Records for the task:
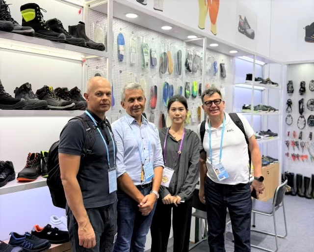 在工具類展區(qū),安糧在常規(guī)安全鞋產(chǎn)品基礎上,新增勞保手套、多功能剪刀、冰爪、反光材料等多款新產(chǎn)品,全面覆蓋戶外安全防護場景,凸顯“專業(yè)性”與“全面性”雙重優(yōu)勢。為讓客戶直觀感受產(chǎn)品品質(zhì),展區(qū)采用原木色層板與洞洞板靈活組合的裝修設計,方便客戶觸摸、體驗產(chǎn)品的材質(zhì)、工藝與功能,如拉扯勞保手套的耐磨度、體驗多功能剪刀的剪切效果、查看反光材料在模擬黑暗環(huán)境下的警示亮度。目前已有來自法國的戶外用品品牌商提出樣品寄送需求,另有來自智利的的安全防護設備經(jīng)銷商明確表達長期合作意向。
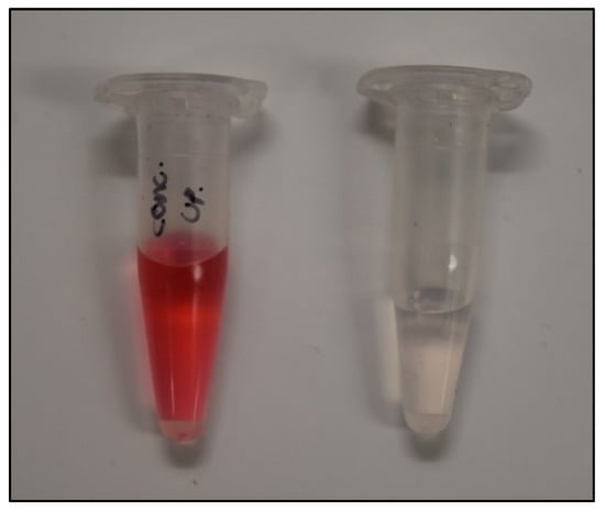 Frequently numbers such as 50 µM and 1000 µM for concentrations of various solutions are found in textbooks, publications, and transparent solutions and sometimes we need a physical reminder of their significance. In the context of textile dyes, 50 µM is highly colored and is at the approximate concentration of textile effluents. The impressive and dramatic near 100% rejection of 50 µM direct red 80 azo molecular dye is shown in Figure 9. The vial on the right contains the permeate of the final decreasing concentration run at 50 µM, shown in Figure 8a, near 100% rejection, and the vial on the left is the 50 µM feed solution fed into the already azo-dye-functionalized filter.
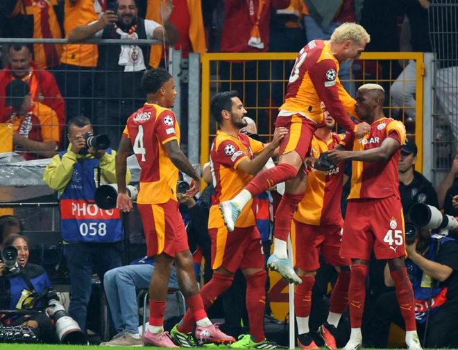 第30分钟,维尔茨在禁区右侧凌空抽射,打近角。门将注意力很集中,把球扑了出去。3分钟后,奥斯梅恩前插,在禁区外看到门将站位有点靠前,直接挑射,结果高度不够,门将把球没收。半场结束,利物浦0-1加拉塔萨雷。
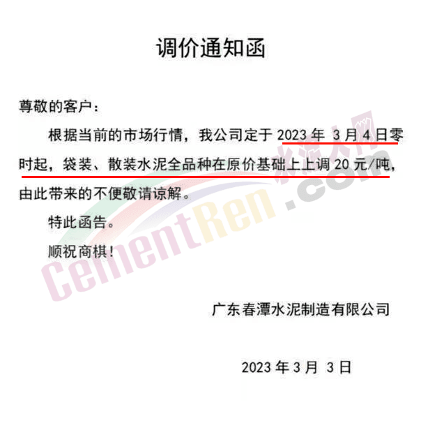 廣東春潭水泥制造有限公司通知,3月4日零時(shí)起,全品種水泥在原基礎(chǔ)上上調(diào)20元/噸。
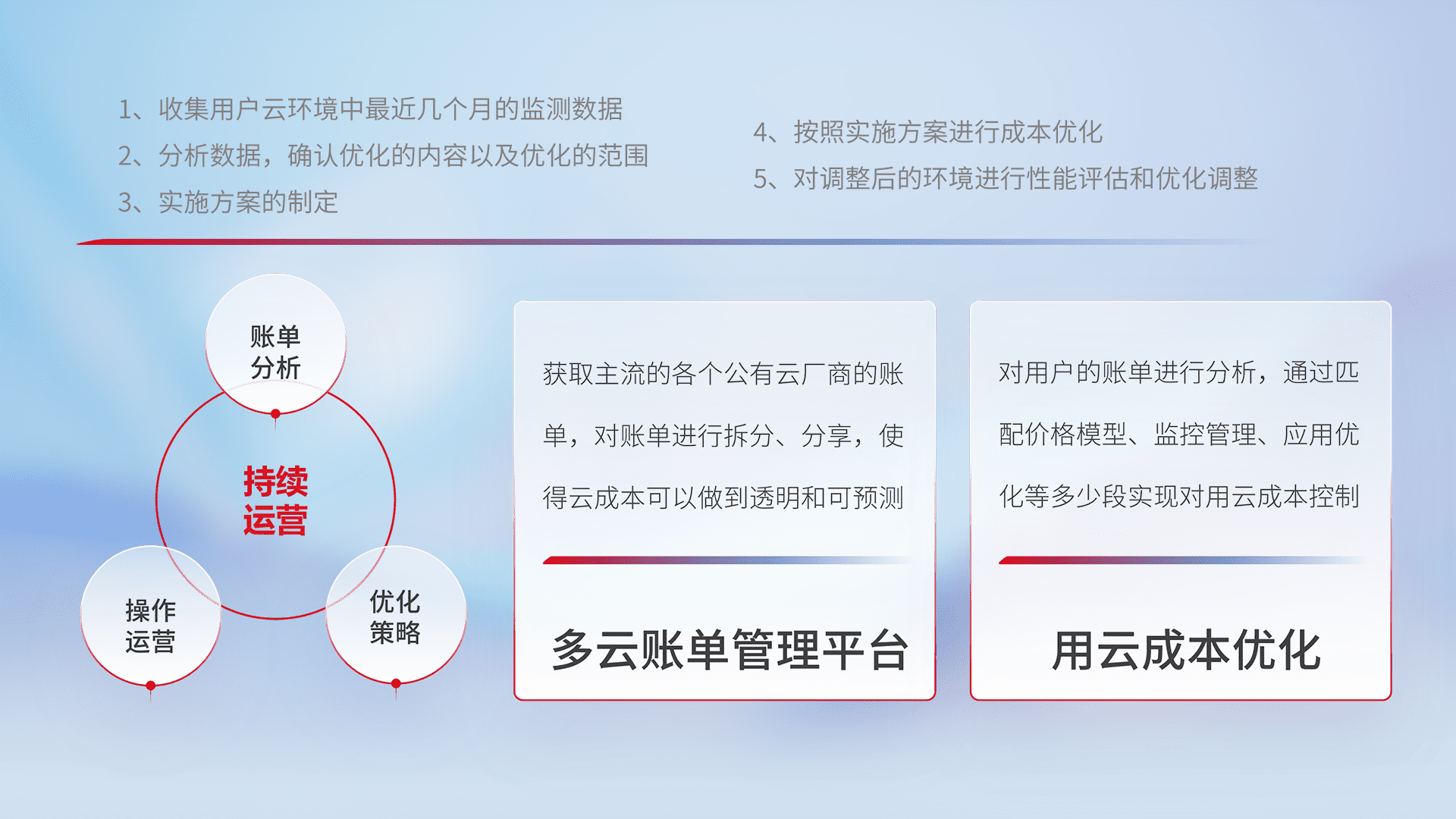 通过多云纳管,,以统一的资源数据模型把客户的云资源进行抽象和封装,,,进而实现对多云资源的统一操作,,,保障云资源管理的可靠性、、、、稳定性与可用性。。。量身定制化运维内容,,,配置、、开发运维、、补丁管理、、备份、、、、监控、、、认证和访问管理、、、、审计和日常巡检等,,,,保障在用云过程中的可靠度,,,稳定度以及高可用率。。。

Exercise prompt:
Drop the pictures and set down the data above exactly.

Answer to this exercise:
 在工具類展區(qū),安糧在常規(guī)安全鞋產(chǎn)品基礎上,新增勞保手套、多功能剪刀、冰爪、反光材料等多款新產(chǎn)品,全面覆蓋戶外安全防護場景,凸顯“專業(yè)性”與“全面性”雙重優(yōu)勢。為讓客戶直觀感受產(chǎn)品品質(zhì),展區(qū)采用原木色層板與洞洞板靈活組合的裝修設計,方便客戶觸摸、體驗產(chǎn)品的材質(zhì)、工藝與功能,如拉扯勞保手套的耐磨度、體驗多功能剪刀的剪切效果、查看反光材料在模擬黑暗環(huán)境下的警示亮度。目前已有來自法國的戶外用品品牌商提出樣品寄送需求,另有來自智利的的安全防護設備經(jīng)銷商明確表達長期合作意向。
 Frequently numbers such as 50 µM and 1000 µM for concentrations of various solutions are found in textbooks, publications, and transparent solutions and sometimes we need a physical reminder of their significance. In the context of textile dyes, 50 µM is highly colored and is at the approximate concentration of textile effluents. The impressive and dramatic near 100% rejection of 50 µM direct red 80 azo molecular dye is shown in Figure 9. The vial on the right contains the permeate of the final decreasing concentration run at 50 µM, shown in Figure 8a, near 100% rejection, and the vial on the left is the 50 µM feed solution fed into the already azo-dye-functionalized filter.
 第30分钟,维尔茨在禁区右侧凌空抽射,打近角。门将注意力很集中,把球扑了出去。3分钟后,奥斯梅恩前插,在禁区外看到门将站位有点靠前,直接挑射,结果高度不够,门将把球没收。半场结束,利物浦0-1加拉塔萨雷。
 廣東春潭水泥制造有限公司通知,3月4日零時(shí)起,全品種水泥在原基礎(chǔ)上上調(diào)20元/噸。
 通过多云纳管,,以统一的资源数据模型把客户的云资源进行抽象和封装,,,进而实现对多云资源的统一操作,,,保障云资源管理的可靠性、、、、稳定性与可用性。。。量身定制化运维内容,,,配置、、开发运维、、补丁管理、、备份、、、、监控、、、认证和访问管理、、、、审计和日常巡检等,,,,保障在用云过程中的可靠度,,,稳定度以及高可用率。。。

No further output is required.